Esta perspectiva de un hombre que aprende nos conduce, por los pasadizos de la
20
psicología, a descubrir un ser con ansias de superación. Por supuesto que ello
admite numerosas formas posibles, tantas como subjetivas intenciones de
avanzar hacia esa superación existan.
De manera diferenciada corresponderá una para cada hombre, pero pudiéramos
intuir que la superación en el conocimiento será la pretensión felicitaria del
filósofo, tal vez la superación en posesiones y riquezas sea la que se corresponde
con las ansias de la mayoría y, sin llegar a la superación moral del santo, la gente
habría de sentirse mejor en general cuando goce en mayor medida del
reconocimiento y del afecto de sus pares.
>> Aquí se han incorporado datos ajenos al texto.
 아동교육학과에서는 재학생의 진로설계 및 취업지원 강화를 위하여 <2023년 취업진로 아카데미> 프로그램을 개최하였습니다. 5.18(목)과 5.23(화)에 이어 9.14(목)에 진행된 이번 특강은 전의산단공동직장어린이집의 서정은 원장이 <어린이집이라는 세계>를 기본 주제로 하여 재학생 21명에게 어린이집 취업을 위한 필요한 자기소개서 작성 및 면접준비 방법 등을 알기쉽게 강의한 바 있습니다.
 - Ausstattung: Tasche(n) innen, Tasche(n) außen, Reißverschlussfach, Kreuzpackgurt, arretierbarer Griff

De suyo la humana inquietud de
superación proyecta bajo su sombra la necesidad existencial de jerarquías y
rangos sociales, magnéticos hacia adelante para el hacer de quienes procuran su
propio recorrido ascendente por dentro del orden.
Habrá quienes lo intenten desarrollando mejores argumentos o quienes los
emulen en la estela de su recorrido, pero ascender significará para el líder y
también para sus acólitos poder alcanzar a ojos propios y de terceros una mayor
aprobación, bajo la especie de sabiduría o de éxito, de virtud o meramente de
buena fortuna. Ergo la posición y/o el rango informan de las clases de
circunstancias subyacentes y de aprendizajes posibles, todos de variadísimas
índoles, imputables en persona a cada uno de estos actores.
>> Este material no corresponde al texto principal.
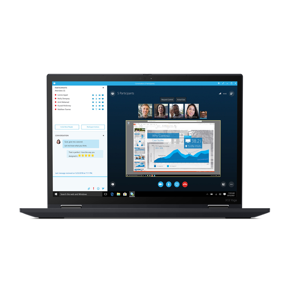 | Mit der integrierten Webcam im Lenovo ThinkPad X13 Yoga (2ND GEN) bleiben Sie in Kontakt mit Ihren Freunden. Egal, wo sie sich grade auf der Welt aufhalten. Solange ein Internetanschluss verfügbar ist, können Sie mit Ihren Lieben daheim per Videotelefonie (z.B. mit Skype) sprechen. | |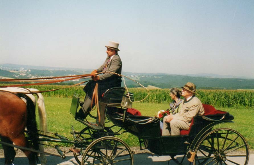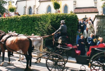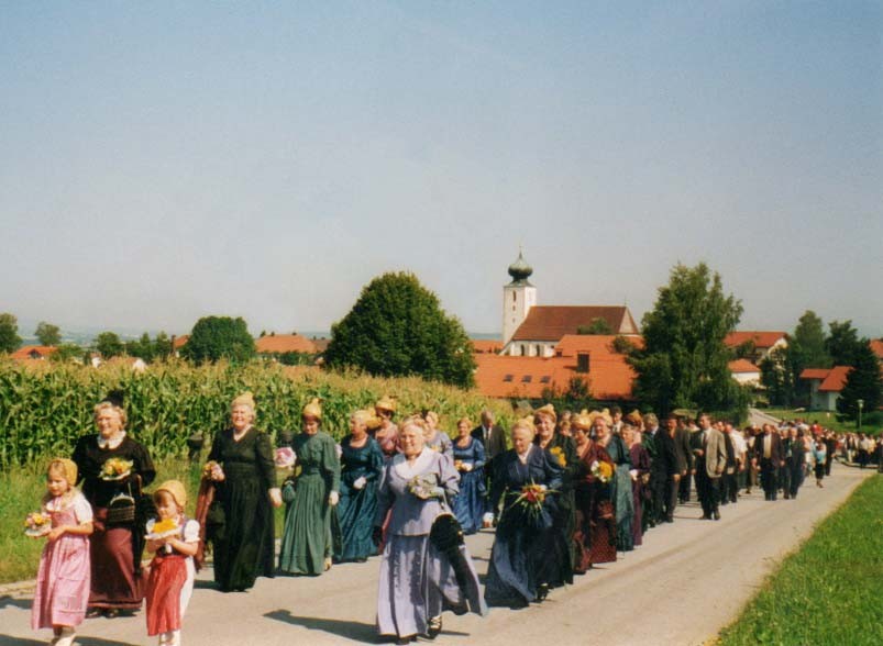 10:00 Kirchenauszug und Aufstellung zum Festzug; die Wittelsbacher wurden in der Viererzug-Kutsche Kraus-Fischer aus dem Rottal gefahren.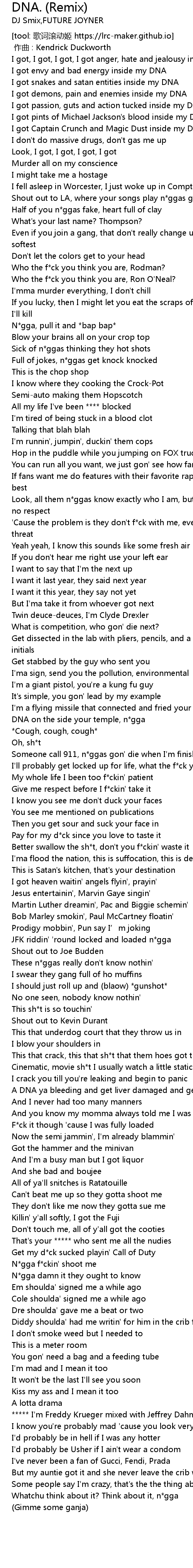 | [01:52.106] | DNA on the side your temple, n*gga |
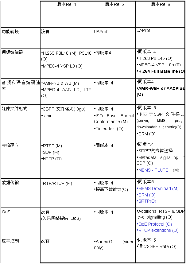 - 3GPP PSS隨著內在的向后兼容性,從簡單的流式媒體服務規(guī)范(版本Rel 4)發(fā)展到更先進一代的服務規(guī)范(版本Rel 6)。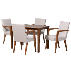 Baxton Studio Glenda 5-Piece Dining Set, Grayish Beige/Walnut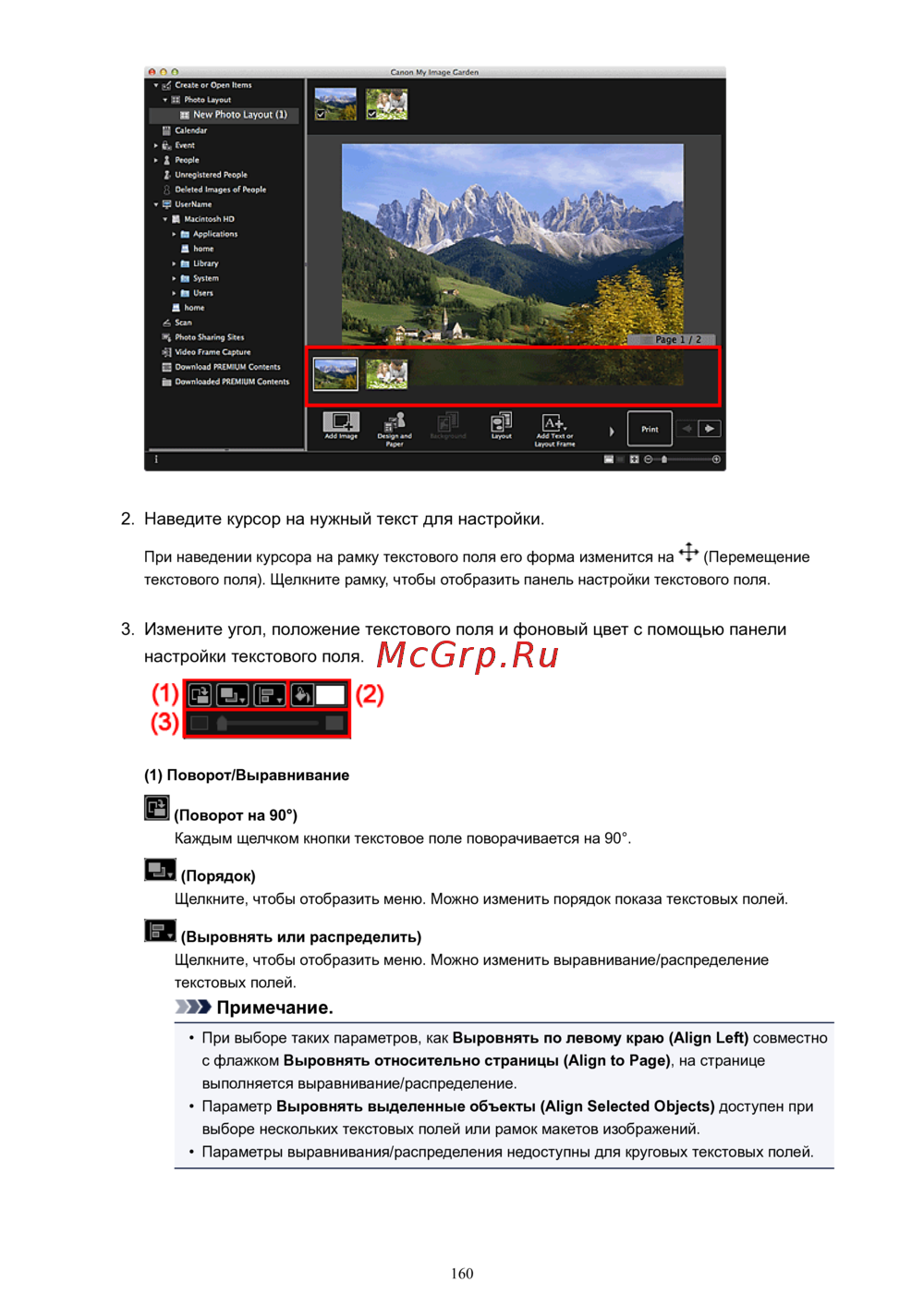 Canon Pixma MP280 — настройка текстовых полей: изменение формы и выравнивание [160/339]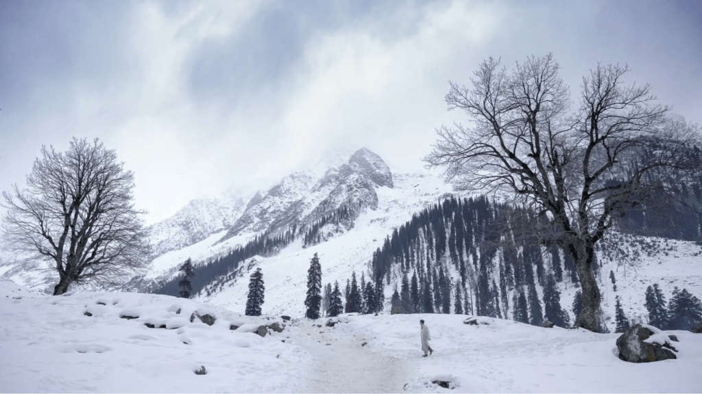 During snowfall in Jammu and Kashmir, time seems to pause, and travel becomes less about where you are headed and more about noticing how snow in Kashmir changes everything around you.
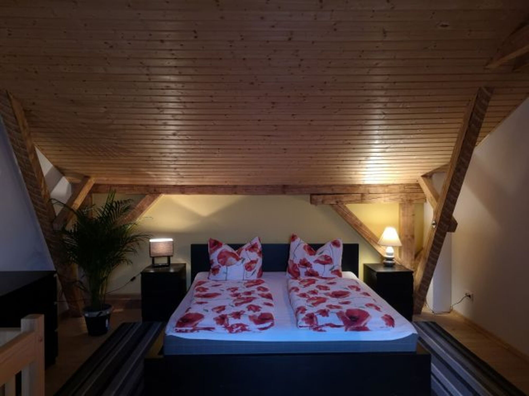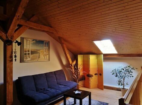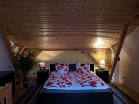 Über eine Holztreppe gelangen Sie nach oben in den gemütlichen Schlafbereich mit großem Bett (180x200), Schlafcouch (120x180), Kleiderschrank, Sideboard und Flachbildfernseher.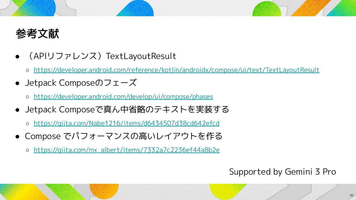 • Jetpack Composeで真ん中省略のテキストを実装する ◦ https://qiita.com/Nabe1216/items/d6434507d38cd642efcd • Compose でパフォーマンスの高いレイアウトを作る ◦ https://qiita.com/mx_albert/items/7332a7c2236ef44a8b2e 30 Supported by Gemini 3 Pro

En adelante, sin embargo, no podremos dejar de imaginarlos a cada cual en su
lugar y con sus avatares, pero entretejidos relacionalmente entre todos,
conviviendo y realizándose en el aprovechamiento de las oportunidades que se
reciprocan a partir de sus intercambios, según se hubiera revelado previamente
alguna capacidad colectiva para seleccionar o aprender mejores reglas de juego.
Obsérvese que la lógica ya desencadenada en el apartado anterior nos proponía
a un hombre capaz de subsumir individualmente sus objetivos en planes, y la
concreción de ellos en el afianzamiento de posteriores rutinas. Ergo si fuera capaz
de ajustar su comportamiento a reglas que, postergando placeres presentes, sean
aptas para aportarle mejores resultados futuros, habrá de poder pensarse
entonces en la formulación de pautas de comportamiento adoptadas comúnmente
por las personas para la resolución de sus parecidos problemas. Más aún, será
posible intentar hacer de tales reglas la forma de habilitar acciones destinadas a
asegurar intereses plurales, y con más razón si se tratara de intereses generales.
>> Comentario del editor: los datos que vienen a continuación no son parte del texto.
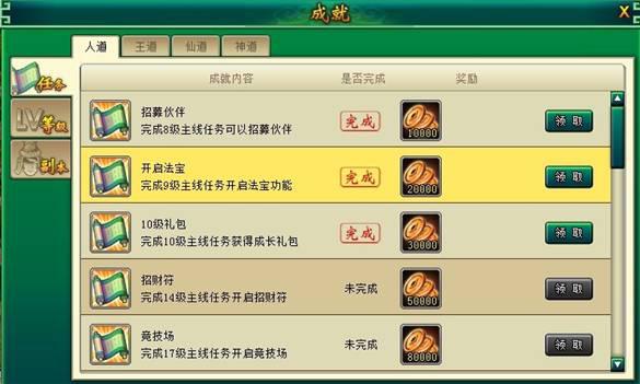 成就系统的人道分为:任务系统、等级系统、副本系统,只要达成成就需求,就可以领取到相应的奖励。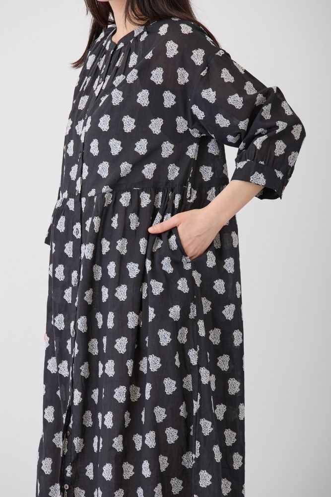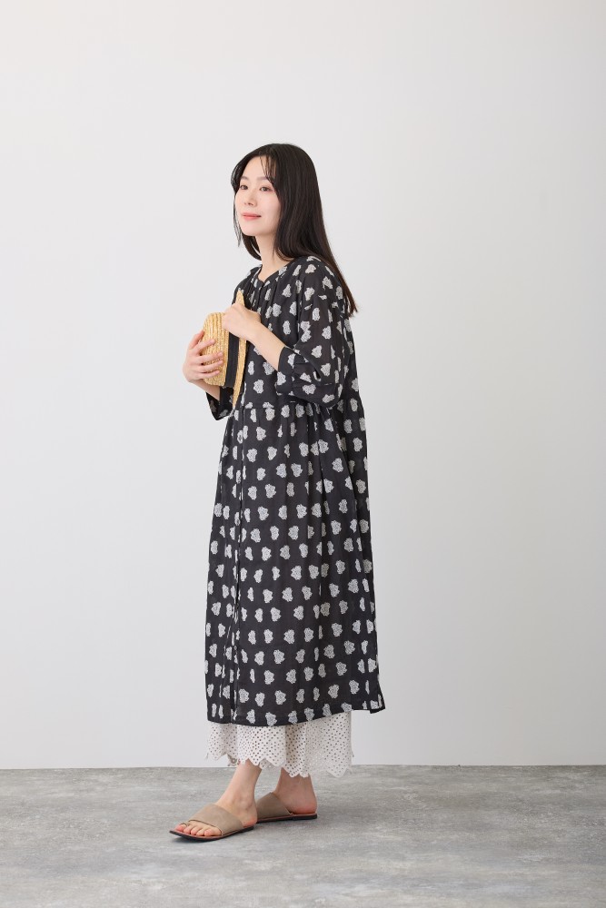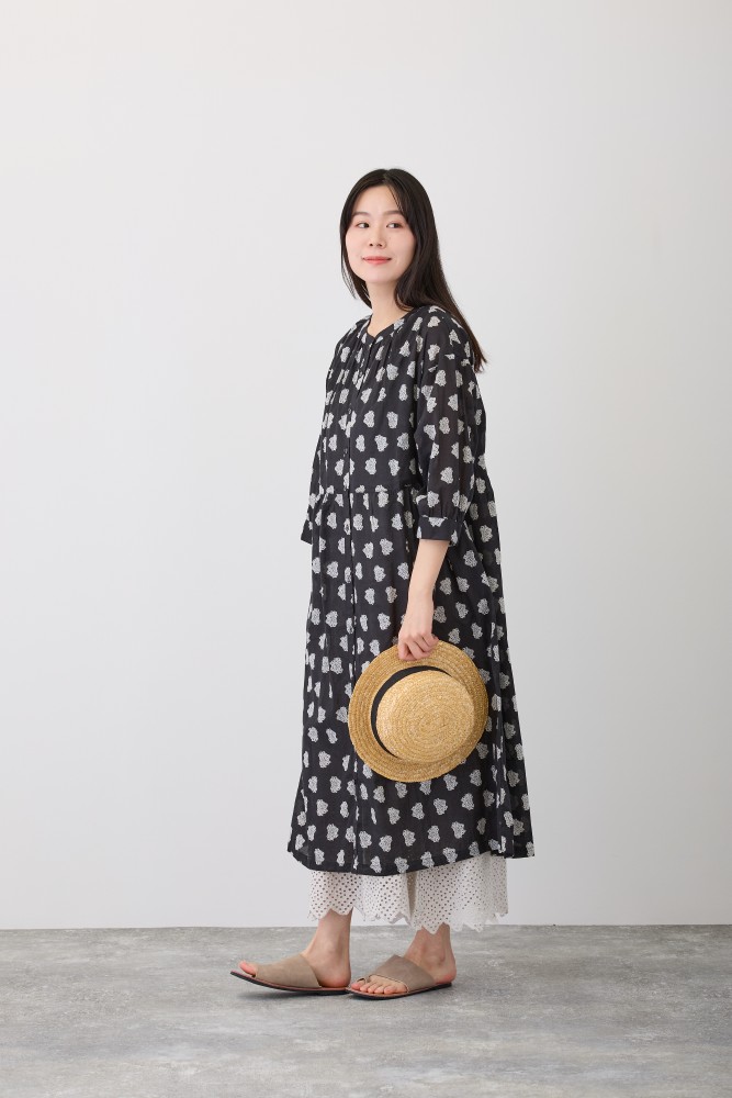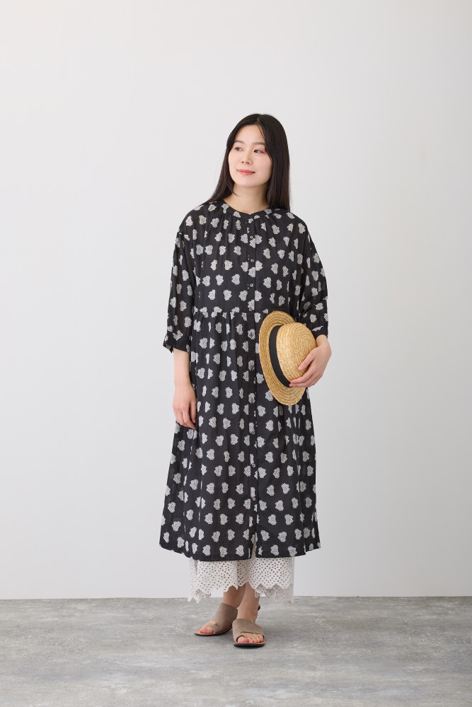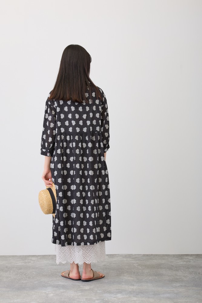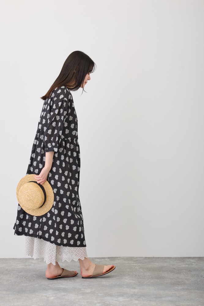 S4711コモンスタンプ前開きワンピース線画の花のまわりを縁取って、スタンプを押したように配置しました。色数を抑えてあるので、コーデに取り入れやすいデザインです。前開きのワンピースは、ボタンを外して羽織としても使える、お役立ちアイテム。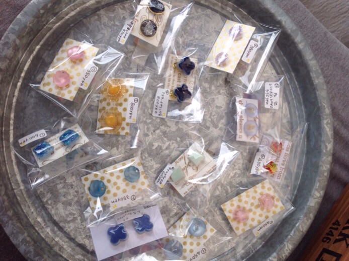 レトロボタンピアスに流行りの宇宙シリーズ、ブローチも残り少ないですがありますよ。

La hipótesis toma más aspiraciones si presentamos los grados de libertad de las
21
personas como verdaderos opuestos entre sí, de manera tal que las restricciones
que unos enfrentan signifiquen mayores discrecionalidades para los haceres de
los demás, y a la inversa. Anclados sobre este supuesto simplificador podemos
colegir una alta probabilidad de coincidencia entre los jugadores por intentar
proteger aquel set común de valores que representaría sus aspiraciones más
importantes. En consecuencia, prontamente emergerían amparadas en los
mutuos respetos de los societarios aquellas mínimas reglas primordiales que
mejor precondicionen la alternativa de benéficos efectos ulteriores generalizables
para todos.
Entonces, una vez que estas reglas fuesen erigidas, supondremos que a fuer de
su éxito habrán de sustentarse funcionalmente; ellas se automatizarían al mismo
tiempo que se asumen como un modo de ser más que como uno de hacer. La
fuerza de su propia recurrencia pareciera a cada repiqueteo darles continua
reinstalación y, muchas veces, dificultar su reemplazo aunque la necesidad de
cambio aparezca como lo más racional y conveniente.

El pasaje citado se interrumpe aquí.